- Crest of The No. 81 Squadron IAF "SkyLords"
- Active: 1 September 2013 - Present
- Country: Republic of India
- Allegiance: Indian Armed Forces
- Branch: Indian Air Force
- Role: Transport
- Garrison/HQ: Hindon AFS
- Nickname: "Sky Lords"
- Mottos: सक्षम, सबल, सर्वत्र: (Capable, Powerful, Omnipresent)

Aircraft flown
- Transport: Boeing C-17 Globemaster III

= No. 81 Squadron IAF =

No. 81 Squadron IAF nicknamed as SkyLords is a unit of the Indian Air Force assigned to Western Air Command. The Squadron participates in operations involving air, land and airdrop of troops, equipment, supplies, and support or augment special operations forces, when appropriate. It is responsible for heavy lift operations of the IAF and is based at the Hindan Air Force Station. The squadron operates 11 Boeing C-17 Globemaster IIIs.

==History==
First C-17 was delivered in January 2013 and the sixth C-17 aircraft was received in July 2014. Boeing delivered 11th and last aircraft in August 2019. It was constituted as No. 81 Squadron (Sky Lords) on 1 September 2013

== Operations ==
The squadron is the workhorse of any operation that require heavy lift for the Indian Armed Forces or the Government of India. It has been deployed in vast number of varied scenarios that include transportation of oxygen tanks to India during the medical oxygen shortage in India caused by the COVID-19 pandemic in India. The Sky Lords carried out rapid troop deployment by India in Ladakh during the 2020-21 border India-China standoff. The 81st Squadron has also carried out evacuation of Indians and foreign nationals from volatile regions during uncertain situations.

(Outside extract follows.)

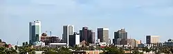 ![]() ![]() ![]() ![]() ![]() ![]() ![]() چپ-راست از بالا: Downtown Phoenix skyline, Lake Pleasant in Peoria, the Papago Buttes at Papago Park، ورزشگاه دانشگاه فینکس in Glendale, برج چیس فنیکس، the tallest building in Arizona, the Fountain of فانتین هیلز، آریزونا، Tempe Town Lake with high-rises at night. | |

These include the 2015 Yemen crises, rescue and relief sorties to Nepal during April 2015 Nepal earthquake, evacuation of Indians from war torn South Sudan in 2016. It also airlifted Indians, many Afghan MPs, Afghan Sikhs and Hindus, and the staff of Indian embassy in Afghanistan after Taliban took over Kabul following US troop pullout. It has also had foreign deployments to Tajikistan in August 2013, and to Rwanda to support Indian peacekeepers. The squadron has carried out numerous other humanitarian and military operations.